DD API Operations¶
-
models.domain_discovery_model.
random
() → x in the interval [0, 1).¶
Acquire Content¶
-
class
models.domain_discovery_model.
DomainModel
[source]¶ -
queryWeb
(terms, max_url_count=100, session=None)[source]¶ Issue query on the web: results are stored in elastic search, nothing returned here.
- Parameters:
- terms (string): Search query string max_url_count (int): Number of pages to query. Maximum allowed = 100 session (json): should have domainId
- Returns:
- None
-
uploadUrls
(urls_str, session)[source]¶ Download pages corresponding to already known set of domain URLs
- Parameters:
- urls_str (string): Space separated list of URLs session (json): should have domainId
- Returns:
- number of pages downloaded (int)
-
getForwardLinks
(urls, session)[source]¶ The content can be extended by crawling the given pages one level forward. The assumption here is that a relevant page will contain links to other relevant pages.
- Parameters:
- urls (list): list of urls to crawl forward session (json): should have domainId
- Return:
- None (Results are downloaded into elasticsearch)
-
getBackwardLinks
(urls, session)[source]¶ The content can be extended by crawling the given pages one level back to the pages that link to them.
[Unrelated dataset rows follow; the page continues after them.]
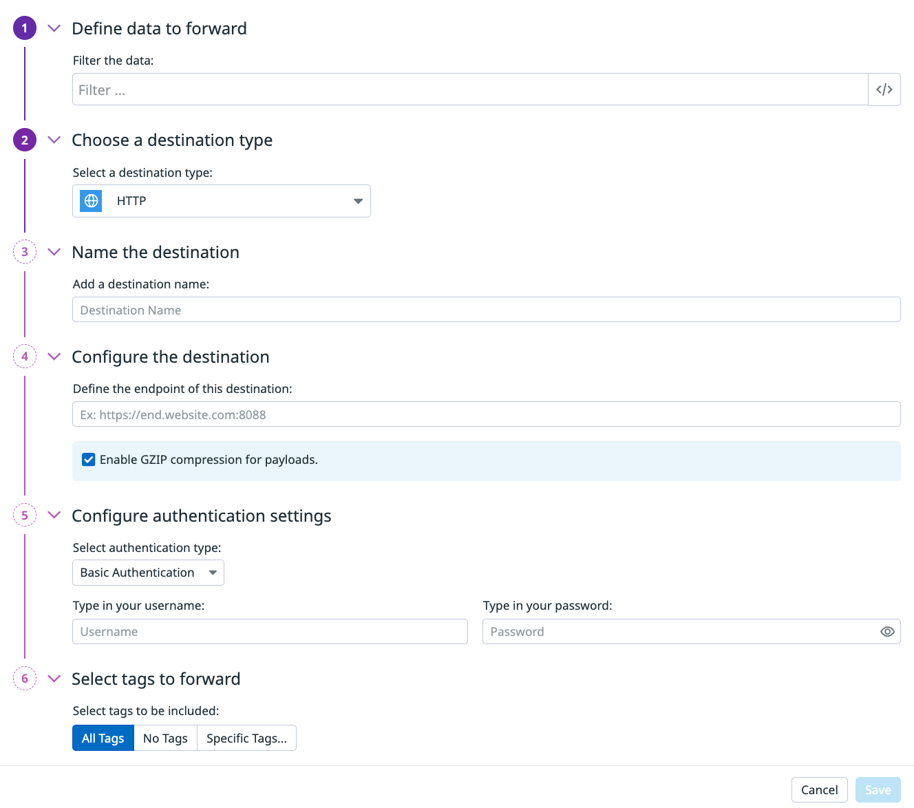 For example, if you want to send logs to Sumo Logic, follow their Configure HTTP Source for Logs and Metrics documentation to get the HTTP Source Address URL to send data to their collector. Enter the HTTP Source Address URL in the Define endpoint field.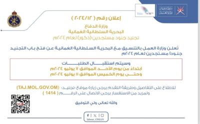 أعلنت وزارة العمل بالتنسيق مع البحرية السلطانية العُمانية عن فتح باب التجنيد جنوداً مستجدين (ذكور) لعام 2024م، وذلك ابتداءً من يوم الأحد الموافق 7 يوليو 2024م، وحتى يوم الخميس الموافق 11 يوليو 2024م، للتفاصيل والتسجيل على الرابط التالي:-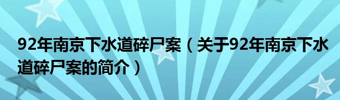 92年南京下水道碎尸案(關于92年南京下水道碎尸案的簡介)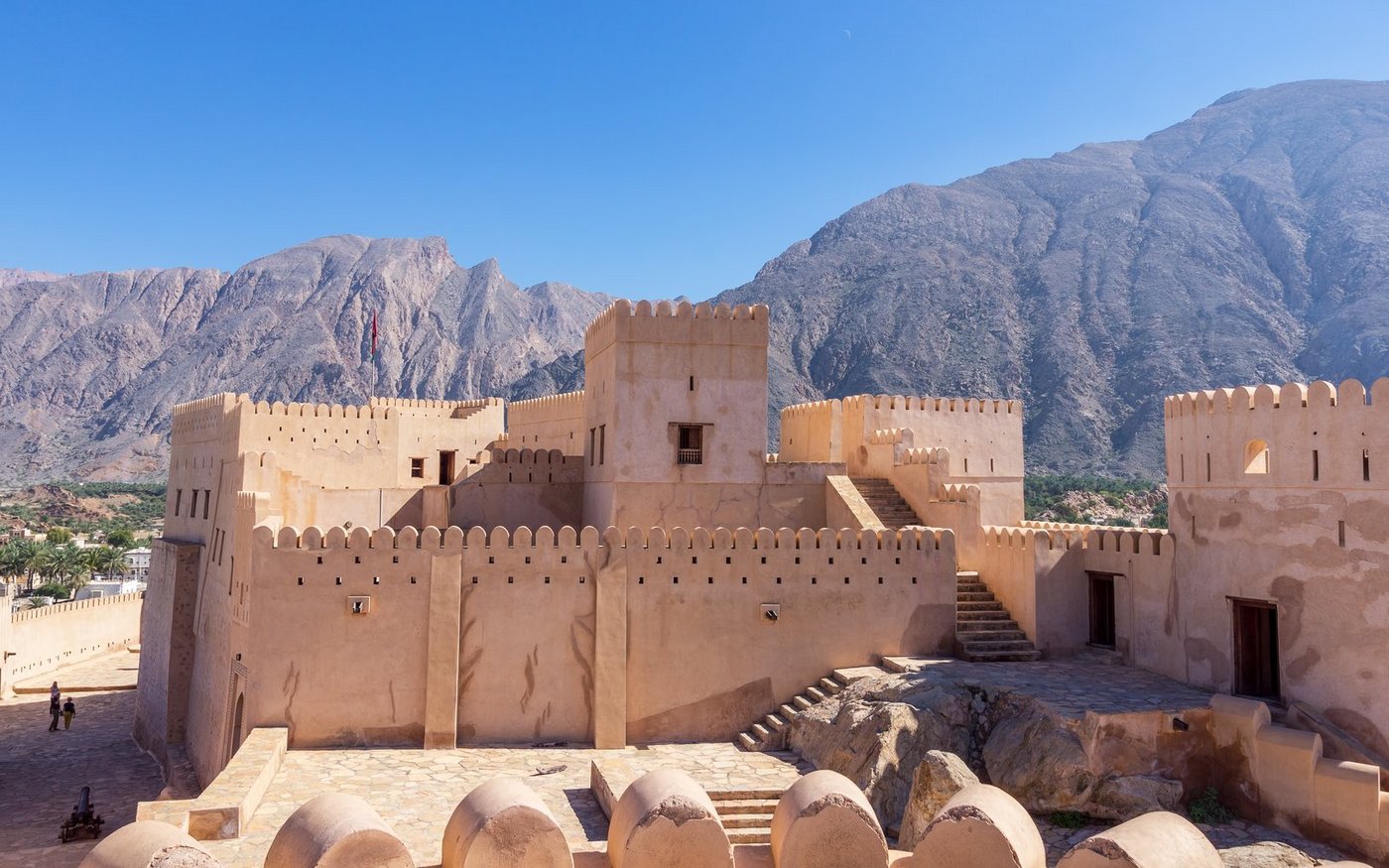 Nach dem Frühstück besuchen Sie den Fischmarkt an der Küste bei Seeb. Neben Fisch wird hier auch Gemüse verkauft. Danach fahren Sie durch die Batinah-Ebene nach Nakhl, um die Festung und die Thermalquellen zu besichtigen. Die historische Stadt liegt malerisch am Nordrand des Hadschar-Gebirges in der fruchtbaren Küstenebene al-Batina. Die Ursprünge der alten Festung reichen bis in die vorislamische Zeit zurück. Später wurde die Festung viele Male restauriert und renoviert. Sie wurde auf einem Felsen im traditionellen omanischen Stil errichtet. Heute beherbergt die Festung ein Museum.

The assumption here is that a page containing the link to the given relevant page will contain links to other relevant pages.
- Parameters:
- urls (list): list of urls to crawl backward session (json): should have domainId
- Return:
- None (Results are downloaded into elasticsearch)
-
Annotate Content¶
-
class
models.domain_discovery_model.
DomainModel
[source] -
setPagesTag
(pages, tag, applyTagFlag, session)[source]¶ Tag the pages with the given tag which can be a custom tag or ‘Relevant’/’Irrelevant’ which indicate relevance or irrelevance to the domain of interest. Tags help in clustering and categorizing the pages. They also help build computational models of the domain.
- Parameters:
- pages (urls): list of urls to apply tag tag (string): custom tag, ‘Relevant’, ‘Irrelevant’ applyTagFlag (bool): True - Add tag, False - Remove tag session (json): Should contain domainId
- Returns:
- Returns string “Completed Process”
-
setTermsTag
(terms, tag, applyTagFlag, session)[source]¶ Tag the terms as ‘Positive’/’Negative’ which indicate relevance or irrelevance to the domain of interest. Tags help in reranking terms to show the ones relevan to the domain.
- Parameters:
- terms (string): list of terms to apply tag tag (string): ‘Positive’ or ‘Negative’ applyTagFlag (bool): True - Add tag, False - Remove tag session (json): Should contain domainId
- Returns:
- None
-
Summarize Content¶
-
class
models.domain_discovery_model.
DomainModel
[source] -
extractTerms
(opt_maxNumberOfTerms=40, session=None)[source]¶ Extract most relevant unigrams, bigrams and trigrams that summarize the pages. These could provide unknown information about the domain. This in turn could suggest further queries for searching content.
- Parameters:
opt_maxNumberOfTerms (int): Number of terms to return
session (json): should have domainId
- Returns:
- array: [[term, frequencyInRelevantPages, frequencyInIrrelevantPages, tags], ...]
-
make_topic_model
(session, tokenizer, vectorizer, model, ntopics)[source]¶ Build topic model from the corpus of the supplied DDT domain.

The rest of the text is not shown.